Limits...
Simple integrative preprocessing preserves what is shared in data sources.

Tripathi A, Klami A, Kaski S - BMC Bioinformatics (2008)

Bottom Line: Principal components analysis of all sources combined together is an obvious choice if it is not important to distinguish between data source-specific and shared variation.Canonical Correlation Analysis (CCA) focuses on mutual dependencies and discards source-specific "noise" but it produces a separate set of components for each source.We give the details and implement them in a software tool.

View Article: PubMed Central - HTML - PubMed

Affiliation: Department of Computer Science, P,O, Box 68, FI-00014, University of Helsinki, Finland. abhishek@cs.helsinki.fi

ABSTRACT

Background: Bioinformatics data analysis toolbox needs general-purpose, fast and easily interpretable preprocessing tools that perform data integration during exploratory data analysis. Our focus is on vector-valued data sources, each consisting of measurements of the same entity but on different variables, and on tasks where source-specific variation is considered noisy or not interesting. Principal components analysis of all sources combined together is an obvious choice if it is not important to distinguish between data source-specific and shared variation. Canonical Correlation Analysis (CCA) focuses on mutual dependencies and discards source-specific "noise" but it produces a separate set of components for each source.

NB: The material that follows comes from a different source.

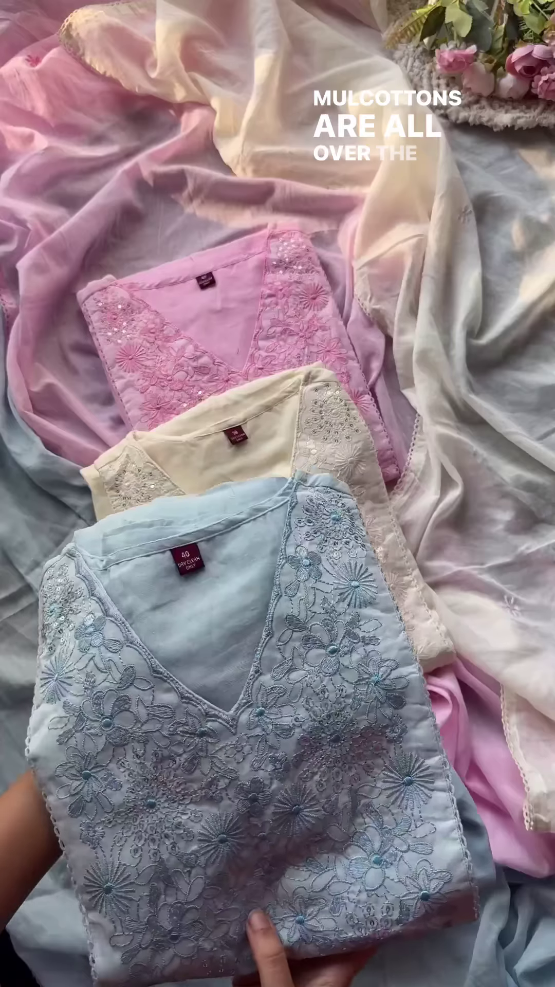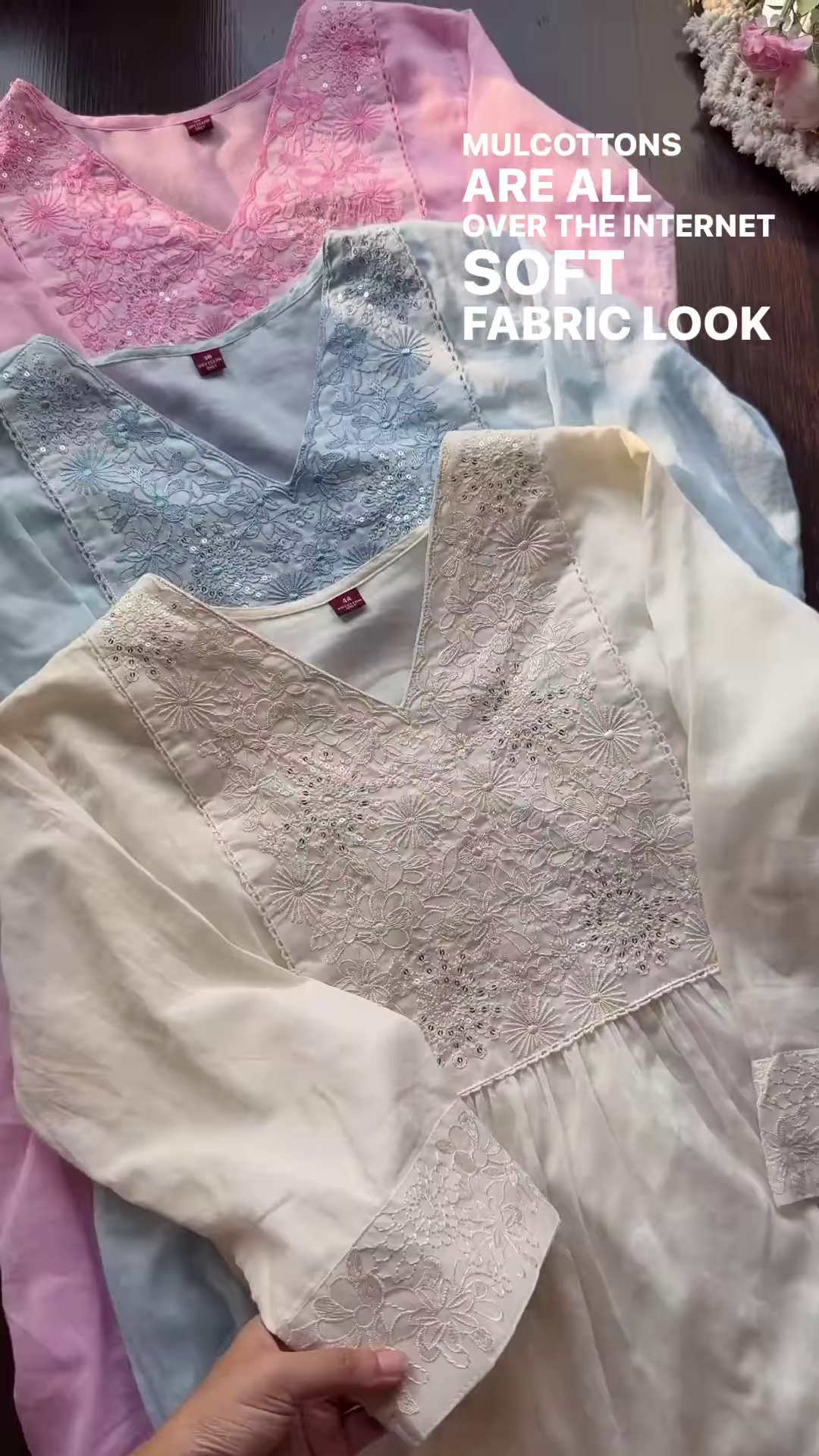 Step into softness and style with this trio of mulcotton V-neck kurtas, each featuring delicate floral embroidery on the neckline and cuffs. Available in pink, light blue, and cream, these garments are crafted from ultra-soft mulcotton fabric—celebrated across the internet for its breathable comfort and elegant drape. Whether you’re curating a boutique catalog or launching a WhatsApp campaign, this set offers timeless appeal and versatile styling. 🌸 Design Highlights: Floral Embroidery & V-Neck Elegance Each kurta showcases a classic V-neckline adorned with intricate floral embroidery in complementary tones. The embroidery extends to the cuffs, adding a touch of artisanal charm to the minimalist silhouette. – Pink Kurta: A vibrant yet soft hue with contrast embroidery that pops against the fabric. – Light Blue Kurta: Cool and calming, ideal for daytime wear or catalog shoots. – Cream Kurta: Neutral and graceful, perfect for layering or standalone styling. The embroidery is thoughtfully placed to enhance the neckline without overwhelming the design, making these kurtas ideal for both casual and semi-formal occasions. 🧵 Fabric: Mulcotton – Soft, Breathable, and Trending Mulcotton is a blend of cotton and modal, known for its lightweight texture and smooth finish. It’s trending across fashion platforms for its comfort, durability, and eco-friendly appeal. These kurtas offer: – Breathable wear for all-day comfort – Soft touch against the skin – Easy maintenance and long-lasting quality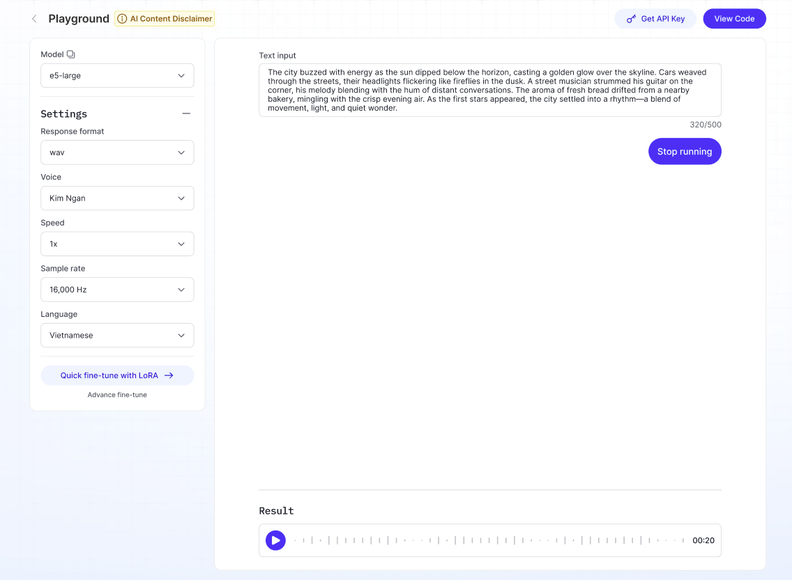 実行をクリック →システムが音声ファイルを生成します。再生またはダウンロードが可能です 。

Results: It turns out that components given by CCA can be combined easily to produce a linear and hence fast and easily interpretable feature extraction method. The method fuses together several sources, such that the properties they share are preserved. Source-specific variation is discarded as uninteresting. We give the details and implement them in a software tool. The method is demonstrated on gene expression measurements in three case studies: classification of cell cycle regulated genes in yeast, identification of differentially expressed genes in leukemia, and defining stress response in yeast. The software package is available at http://www.cis.hut.fi/projects/mi/software/drCCA/.

Conclusion: We introduced a method for the task of data fusion for exploratory data analysis, when statistical dependencies between the sources and not within a source are interesting. The method uses canonical correlation analysis in a new way for dimensionality reduction, and inherits its good properties of being simple, fast, and easily interpretable as a linear projection.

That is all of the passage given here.